Skilgannon19:21, 28 May 2012

Maybe split teamrumble into categories?

5 bots (teamrumble bots)

4 bots (DeltaSquad)

3 bots

2 bots (twin duel bots)

Teams with fewer bots can compete in categories with more bots but not the opposite.

MN19:56, 28 May 2012

Imagine 2 melee bots using minimum risk movement (dominant in melee), and 2 bots using provocative movement (dominant in twin duel). The 2 melee bots will be each on a different corner, but the 2 with provocative movement will be on the same corner ganking on the lonely melee bot. But at the same time, 3 bots close together become tasty targets for swarm targeting from other 3 teams.
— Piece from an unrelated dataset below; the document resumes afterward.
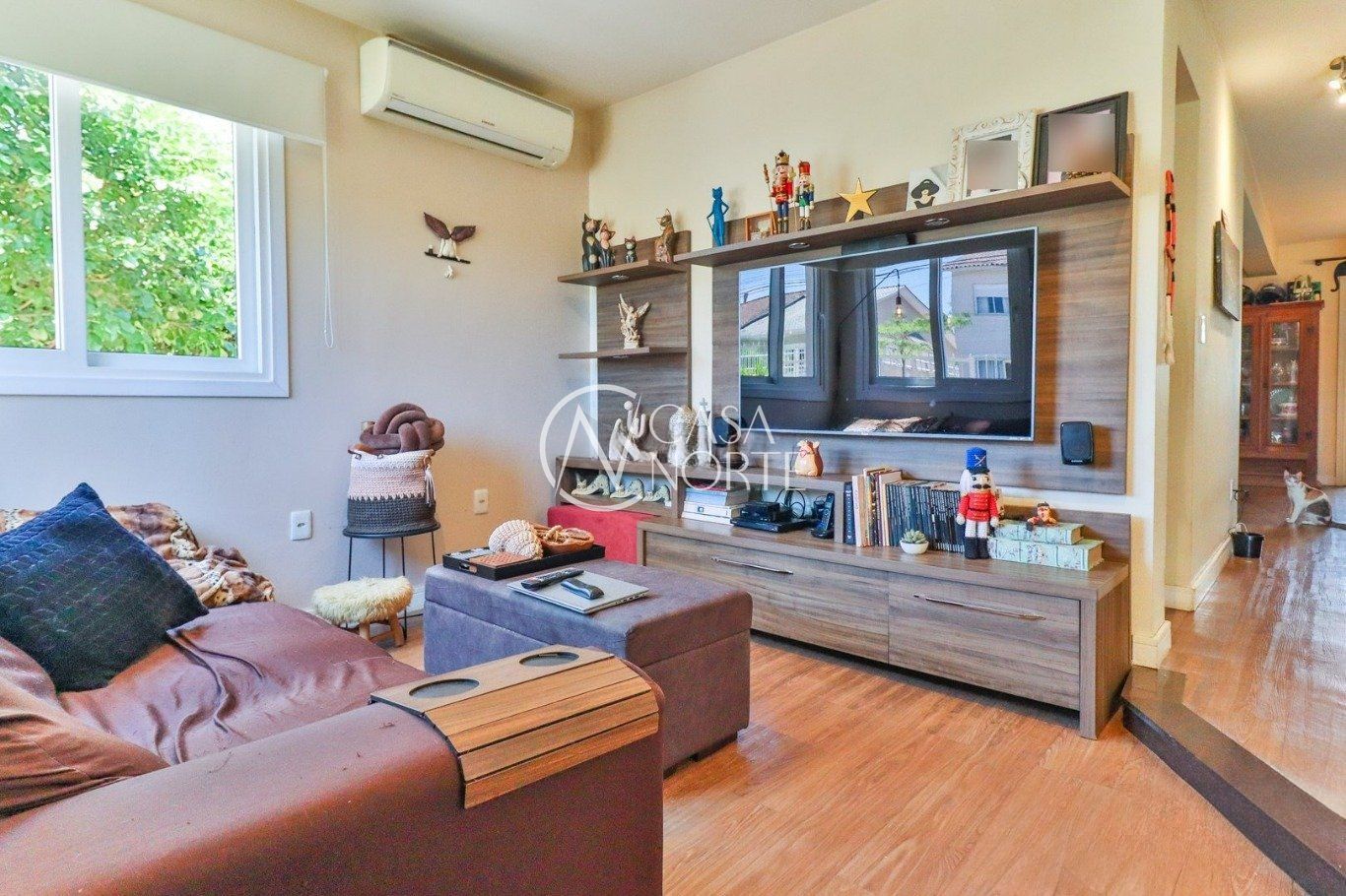 Sala ampla com lareira a gás, cozinha americana integrada, lavabo e banheiro social. Imóvel com energia solar. Terceiro pavimento com espaço versátil, podendo ser utilizado como dormitório adicional ou home office.

There must be a balance between minimum risk and provocative movement, or a third undiscovered strategy. Maybe there is still room for inovation.

MN19:35, 28 May 2012

Sure, but that's assuming both bots on both of those teams survive to the final stages of the round, which seems unlikely. And even if both bots on one team survive that long, I think how much energy they've retained from the "pure melee" early stage of the round will be the most important factor. Maybe on a bigger field than 1000x1000, and/or with 3-4 teams instead of 5?

Voidious20:10, 28 May 2012

It assumes ganks in the middle of a battle weakens "pure melee" strategies somewhat. Although not in the same way as in twin duel.
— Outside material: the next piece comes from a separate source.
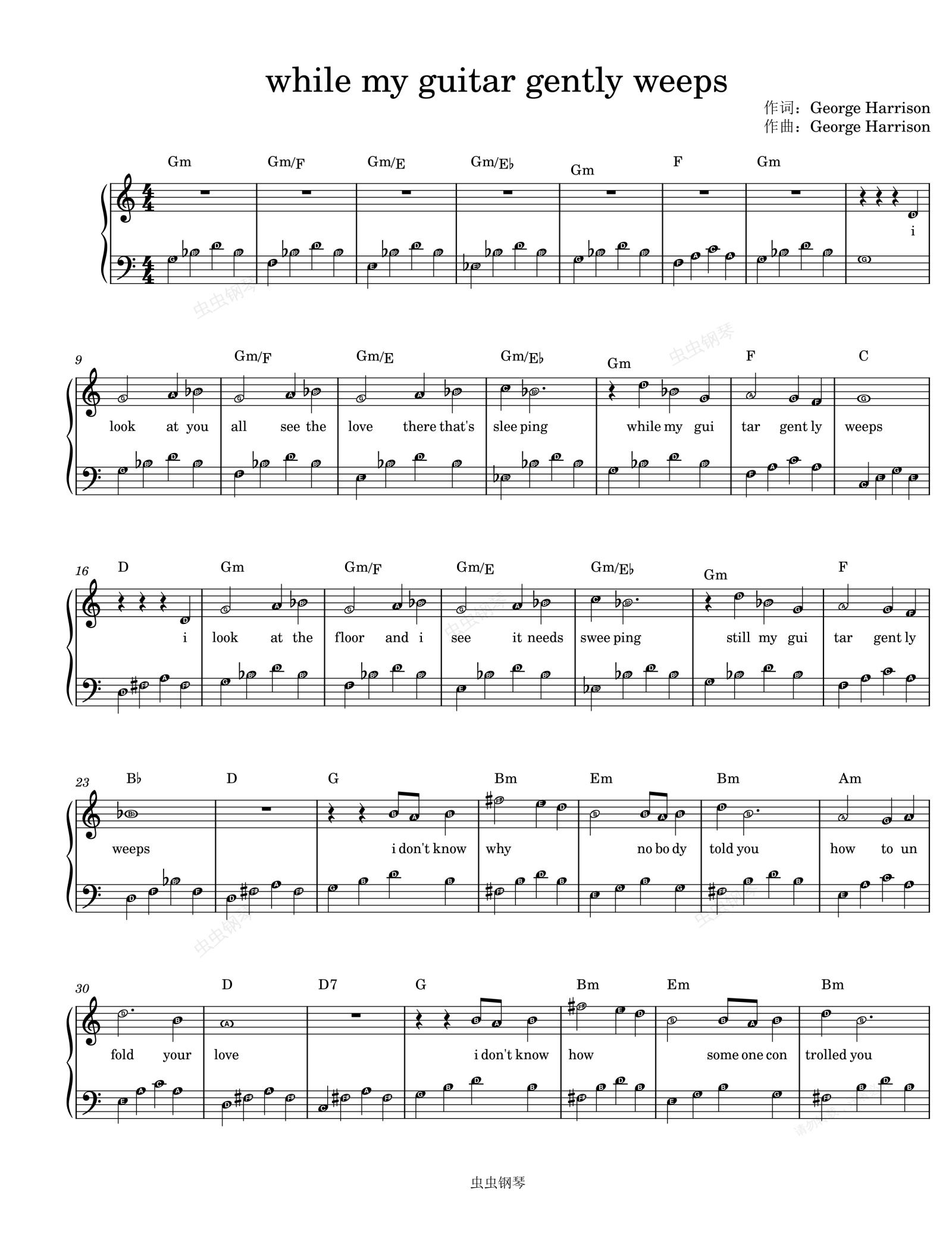 您的位置: 首頁 > 鋼琴譜庫 > While My Guitar Gently Weeps鋼琴譜-The Beatles

With 3 teams, I believe "shooting the team with lowest energy" 2x1 strategy will dominate. One team is eliminated almost on luck, and the battle is decided between the remaining 2. It happens in most 3 player games.

There is a catch though, since the API doesn´t tell you which bots from the opponents belong to the same team. Which is not a problem in either meleerumble or teamrumble. But estimating it in team melee might be worth. This alone may change the game significantly... or not.
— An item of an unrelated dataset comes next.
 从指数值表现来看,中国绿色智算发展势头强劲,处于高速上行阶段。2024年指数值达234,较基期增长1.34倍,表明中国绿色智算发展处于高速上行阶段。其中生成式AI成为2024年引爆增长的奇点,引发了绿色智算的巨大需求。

A bigger battlefield or 4 teams seems nice. I thought of 5 teams of 2 bots each to keep the 10 bots total from meleerumble/teamrumble, and 2 bots per team from twin duel. And see strategies from all 3 divisions clashing against each other.

MN20:50, 28 May 2012

Any of these divisions sounds pretty interesting to me. I think the main hurdle is just getting that first person to write up a 3x3 team or add TwinMelee support to one of their bots. =) Nobody wants to commit the time if nobody else is going to compete, but if someone just does it, I bet others would follow suit...

I'm kind of caught up in my Diamond refactor right now, but maybe I'll make time for something fun soon. ;) Or try running a PerceptualRumble client just for kicks.

Voidious20:40, 29 May 2012

Combat can perform okayish in almost any battle setup, having to change the packaging only. With the exception of handicapped setups like restricted codesize, PerceptualRumble or ExtendsRobot.

MN18:12, 30 May 2012

Hmm... all of those divisions do sound interesting to me too. Now it has me thinking about how best to adapt the LunarTwins/Polylunar strategy to a bit different formats...

Rednaxela12:57, 1 June 2012

Yeah, my thoughts are that something like this would be perfect for school/lab/office tournaments. Just give it a new name in the client, set up a participants list somewhere and away you go.

In the free tier I'm not really going to run out of disk space any time soon, a rumble of 300 bots comes out at around 2MB, it's the database writes which are the killer. From what I can tell, App Engine pricing starts at $2.10 a week for the minimum paying tier. That gets you quite a bit more quota than the free tier, which probably should be enough for everything, pretty much forever, without crossing that $2.10 limit. For now I'm going to see how much I can push the free tier, though.

I still have a bunch of optimisations I need to make - like not pulling all of the rumble data into memory just to serve the rankings page (it's all cached, doesn't affect my quota, just speed) - which should make it more snappy both on the main rankings pages and on the RatingDetails page the RR client queries occasionally.

A hidden feature: if you add timing=1 as an argument into your GET for any of the pages it summarises the timing breakdown for CPU usage at the bottom of the page and lets you know how many bots were pulled from cache vs. from the datastore.